The training loop lies in the `train` function, that takes all the objects instantiated in the previous steps and uses them to train the model.

The *forward* and *backward* passes are performed batch-wise through the `train_batch` function, that implements a tweak to reshape the input images' sizes accordingly to the model used. Same thing is done in the `validation` and `test` functions.

In [5]:
# Training Loop
def train(model, train_loader, val_loader, criterion, optimizer, config):

    # Telling W&B to watch gradients and the model parameters
    wandb.watch(model, criterion, log = "all", log_freq = config.log_interval)
    example_ct = 0

    print("\nStarting training...")
    for epoch in tqdm(range(config.epochs), desc = "Training Epochs", ncols = 100):
        model.train()
        losses, accuracies = [], []
        for batch, (images, labels) in enumerate(train_loader):
            loss, accuracy = train_batch(model, images, labels, criterion, optimizer, config)

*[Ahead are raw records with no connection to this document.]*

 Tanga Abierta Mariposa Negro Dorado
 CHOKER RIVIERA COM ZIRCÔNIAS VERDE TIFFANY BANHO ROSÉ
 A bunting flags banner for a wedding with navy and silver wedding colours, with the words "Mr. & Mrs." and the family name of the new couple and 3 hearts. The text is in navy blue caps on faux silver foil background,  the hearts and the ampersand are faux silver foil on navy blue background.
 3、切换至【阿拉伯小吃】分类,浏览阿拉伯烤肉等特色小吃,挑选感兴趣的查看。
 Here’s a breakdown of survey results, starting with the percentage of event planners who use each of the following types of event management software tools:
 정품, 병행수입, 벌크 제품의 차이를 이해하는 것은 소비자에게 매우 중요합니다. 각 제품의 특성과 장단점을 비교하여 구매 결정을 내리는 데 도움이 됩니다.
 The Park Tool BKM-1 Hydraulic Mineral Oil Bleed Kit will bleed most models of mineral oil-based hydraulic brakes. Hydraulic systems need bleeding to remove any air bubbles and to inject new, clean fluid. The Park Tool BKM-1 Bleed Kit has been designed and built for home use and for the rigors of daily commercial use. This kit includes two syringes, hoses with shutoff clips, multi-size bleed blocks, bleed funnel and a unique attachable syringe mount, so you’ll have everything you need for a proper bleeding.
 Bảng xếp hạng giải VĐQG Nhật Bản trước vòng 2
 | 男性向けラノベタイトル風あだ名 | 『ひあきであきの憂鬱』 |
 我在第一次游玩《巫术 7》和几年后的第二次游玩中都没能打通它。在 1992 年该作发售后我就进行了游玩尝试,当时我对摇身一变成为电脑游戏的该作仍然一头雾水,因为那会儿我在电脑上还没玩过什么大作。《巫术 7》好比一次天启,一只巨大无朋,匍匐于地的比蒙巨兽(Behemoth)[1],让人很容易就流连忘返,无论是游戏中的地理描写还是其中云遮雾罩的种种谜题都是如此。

            example_ct += len(images)
            losses.append(loss.item())
            accuracies.append(accuracy)
            mean_loss, mean_accuracy = np.mean(losses[-config.log_interval:]), np.mean(accuracies[-config.log_interval:])

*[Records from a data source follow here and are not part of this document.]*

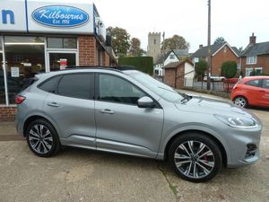 UNDER OFFER !!!!This 2023 Ford Kuga ST-Line X offers an exceptional blend of efficiency and advanced technology, featuring a 2.5 litre petrol plug-in hybrid engine that meets Euro 6 emissions standards. This model comes equipped with the desirable Driver Assistance Pack, which includes Blind Spot Assistance and Adaptive Cruise Control, alongside front and rear parking cameras for enhanced maneuverability. The Technology Pack adds a Head Up Display and LED headlights, while the Ford Key Free System allows for effortless keyless entry and start.20'' Pearl machine alloys, Mini spare wheel, Wireless charge pad, Inside, you'll find the Ford SYNC3 Navigation System, compatible with both Android Auto and Apple CarPlay, and Dual Zone Electronic Automatic Temperature Control for personalized comfort. Direct from Ford . Please call for appointment to view.The Kuga ST-Line X stands out with its comprehensive suite of features designed to elevate your driving experience. The inclusion of the Driver Assistance Pack and Technology Pack signifies a higher level of safety and convenience compared to many other vehicles in its class. The seamless integration of smartphone connectivity through Android Auto and Apple CarPlay, coupled with the intuitive SYNC3 navigation, ensures you stay connected and informed on every journey. Furthermore, the plug-in hybrid powertrain offers a more economical and environmentally conscious way to travel, making this Ford Kuga a compelling choice for the modern driver.-Fully loaded 5 Extras.-VISIT kilbourns.co.uk for MORE STOCK CHOICE
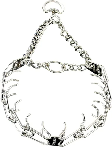 Herm Sprenger | Collar de entrenamiento de puntas | Acero cromado | Enlaces de punta de 0.157 in | Anillo en D giratorio El collar está diseñado para perros con cuello de hasta 22 pulgadas. La longitud total del cuello es de 25 pulgadas Conjunto de placa central desde el cual se unen cinco (5) eslabones de púas a ambos lados de la placa central con eslabones de púas colocados direccionalmente hacia la cadena de martingala, colocando una presión uniforme en los lados del cuello y no en la tráquea. Los extremos de las puntas están biselados y pulidos. Este modelo se coloca alrededor del cuello pellizcando o apretando una punta para abrir el cuello Los eslabones de las puntas se pueden añadir y quitar para ajustar el ajuste. Los enlaces adicionales se pueden comprar por separado El fabricante recomienda este collar para un peso máximo de perro de 154.3 lbs o 154 libras
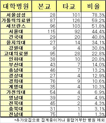 ¹Ý¸é Àü³²´ëº´¿ø, ÃæºÏ´ëº´¿ø, ÀüºÏ´ëº´¿ø µî °¢ Áö¿ªÀ» ´ëÇ¥ÇÏ´Â ´ëÇк´¿øµéÀº ¿©ÀüÈ÷ º»±³ Ãâ½Å ·¹Áö´øÆ® ºñÀ²ÀÌ 90%¸¦ »óȸÇß´Ù.

            if ((batch + 1) % config.log_interval) == 0:
                log_train(epoch, loss, accuracy, mean_loss, mean_accuracy, example_ct, config)

        # Validation at the end of the epoch
        val_loss, val_accuracy = test(model, val_loader, config)

        # Logging losses and accuracies at the end of the epoch
        log_validation(epoch, mean_loss, val_loss, mean_accuracy, val_accuracy, example_ct)
    
    print("Training completed!")


# Function for training a single batch
def train_batch(model, images, labels, criterion, optimizer, config):
    if not config.convnet:
        images = images.reshape(-1, config.input_size).to(device)
    else:
        images = images.to(device)
    labels = labels.to(device)
    # Forward pass
    outputs = model(images)
    loss = criterion(outputs, labels)

    # Backward pass
    optimizer.zero_grad()
    loss.backward() 
    optimizer.step()

    # Calculating training accuracy
    correct, total = 0, 0
    _, pred = torch.max(outputs.data, 1)
    total += labels.size(0)
    correct += (pred == labels).sum().item()
        
    accuracy = 100 * correct / total

    return loss, accuracy


# Evaluation Loop (for Validation and Test)
@torch.no_grad()
def test(model, test_loader, config):
    test_loss = 0
    correct, total = 0, 0
    model.eval()
    for images, labels in test_loader:
        if not config.convnet:
            images = images.reshape(-1, config.input_size).to(device)
        else:
            images = images.to(device)
        labels = labels.to(device)
        outputs = model(images)

        test_loss += F.cross_entropy(outputs, labels, reduction = 'sum')
        _, pred = torch.max(outputs.data, 1)
        total += labels.size(0)
        correct += (pred == labels).sum().item()
    
    test_loss /= len(test_loader.dataset)
    test_accuracy = 100. * correct / total

    return test_loss, test_accuracy

The `load`, `build_model`, `train` and `test` functions are all contained in a single function, `model_pipeline`, that allows me to wrap all my workflow into a *Weights & Biases* run more efficiently.

In [6]:
def model_pipeline(project_name):
    # Loading the yaml file containing the hyperparameter configuration
    with open("config.yaml") as f:
        config = yaml.safe_load(f)

    wandb.login()
    print("Initializing Weights & Biases run...")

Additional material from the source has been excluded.